Message Boards Message Boards

0
|
4029 Views
|
5 Replies
|
2 Total Likes
View groups...
Share
Share this post:

How to bin non-scalar data?

Posted 9 years ago

I have a list of pairs that I want to bin accordingly to the first element only.
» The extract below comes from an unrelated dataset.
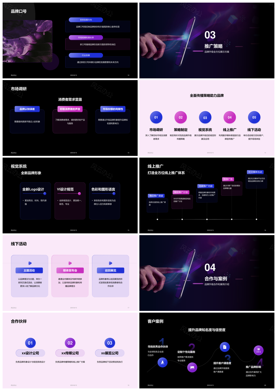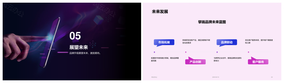 风云办公提供的紫色科技品牌升级发布会PPT模板,下载格式为pptx,一共20页,作品中文字及图均可以修改和编辑,图片更改请在作品中右键图片并更换,文字修改请直接点击文字进行修改。

Since my data is 2-dimensional, BinLists wants 2 bin specifications, one for each dimension. I was hoping to cope with it, at the price of superfluous brackets in the result, with BinLists[data,1,Infinity] but Infinity is understandably rejected here. My second try was then BinLists[data,1,{{-Infinity,+Infinity}}] since both 1 and {{-Infinity,Infinity}} are valid bin specifications. Unfortunately, it appears that BinLists requires all of its bin specifications to be of the same type (either dx, or {xmin,xmax,dx}, or {{b1,b2,...,bn}}).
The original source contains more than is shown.